Let's get a question from research article itself, Statistics in Medicine: Calculating confidence intervals for some non-parametric analyses [link](https://doi.org/10.1136/bmj.296.6634.1454). 

Consider the data on the globulin fraction of plasma (g/l) in two groups of 10 patients given by Swinscow.
A bit about data:
1. two groups which are independent categorical groups ie group 1 and group 2
2. the data of this group ie the globulin fraction is in continous scale

These two groups can represent sampe population like both sample belong to same populaton. Let's suppose one of the group is the treatment group and another group havent received treatment so the group fraction on the average basis should be greater than the other group.
Other examples where we can use this test
1. pay discrimination b/w gender where pay is the continous scale and independent categorical variable are male and female.
2.  

The average basis is the property of group which would be used to compare between groups
1. may be mean
2. median: we would be comparing the estimated median of two population

We know what median is, the middle value when we arrange data in an increasing or decreasing order. 

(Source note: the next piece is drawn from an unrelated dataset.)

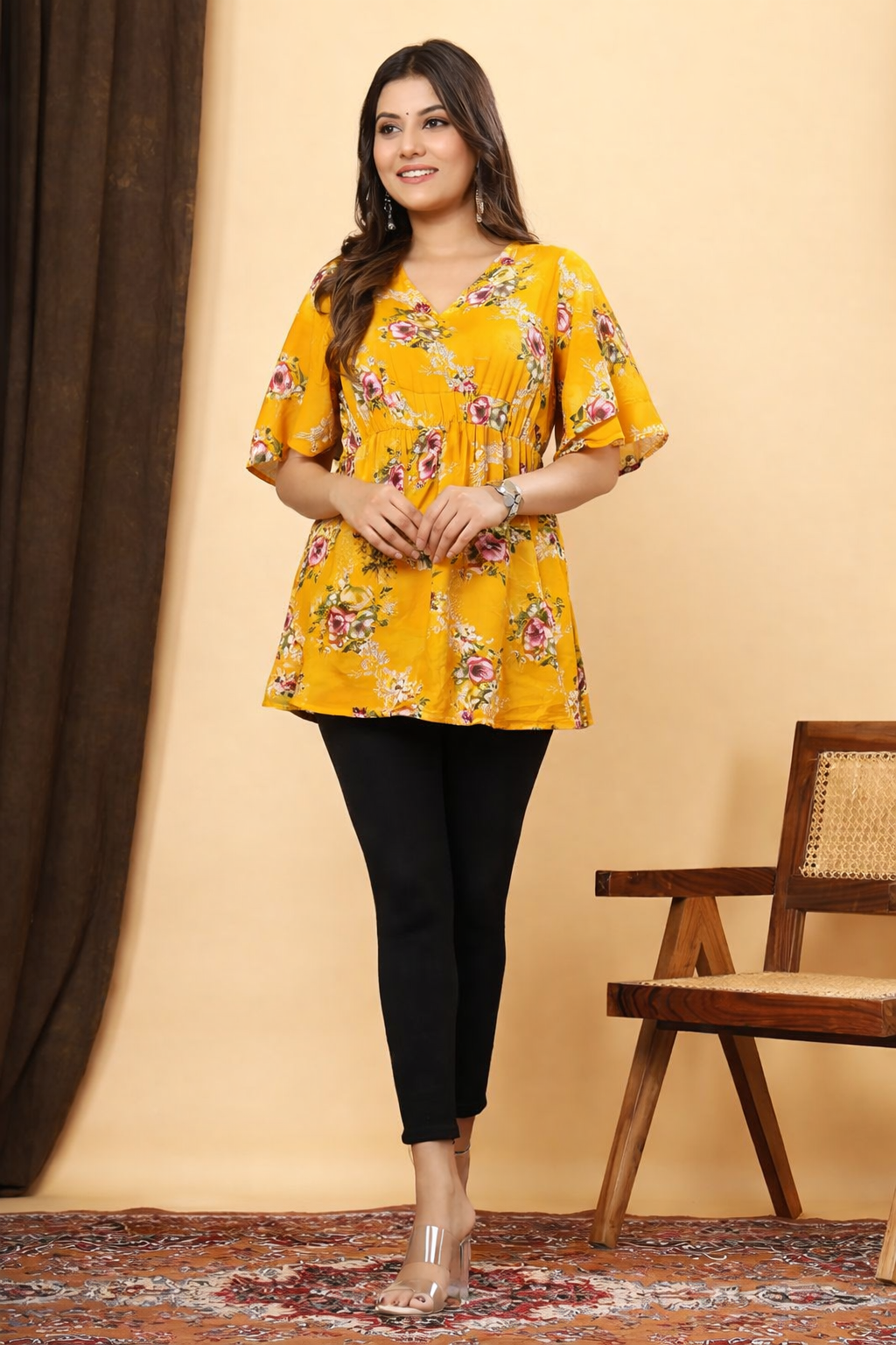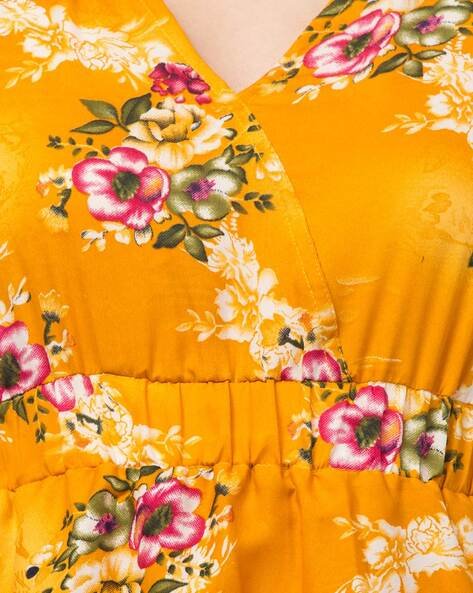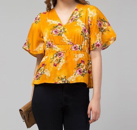 Make a bold fashion statement with our Floral Print Yellow Regular Top for women. This top combines a vibrant floral pattern with a warm, cheerful yellow tone, creating an eye-catching piece that beautifully complements your wardrobe. Designed with comfort and style in mind, it’s perfect for casual outings or relaxed evenings.

Here we would use median to represent the group. So, our research question would be median of group 1 and group 2 are not equal.

#### null hypothesis
The median difference of both group is zero = H0 = two population are equal

#### load the data

In [6]:
import numpy as np
group_1 = np.array([38, 26, 29, 41, 36, 31, 32, 30, 35, 33])
group_2 = np.array([45, 28, 27, 38, 40, 42, 39, 39, 34, 45])

#### analyse the data
1. dependent variable is oridnal or continous
2. independent variable is two groups which are categorical and independent
3. diff participant in each group, means all twenty participants are unique
4. the two groups are not normally distributed because sample size is too small

### Applying the test statistic
There are two ways of doing it 
1. calculate the confidence interval for estimated median of the population
2. calculate the confidence interval for the differences of estimated median 

### Estimate difference of median of the two population
Estimate of the median of the population from sample:
1. always know the estimate will be in some x percentage generally 95% confidence interval
2. there would be upper limit and lower limit for it. 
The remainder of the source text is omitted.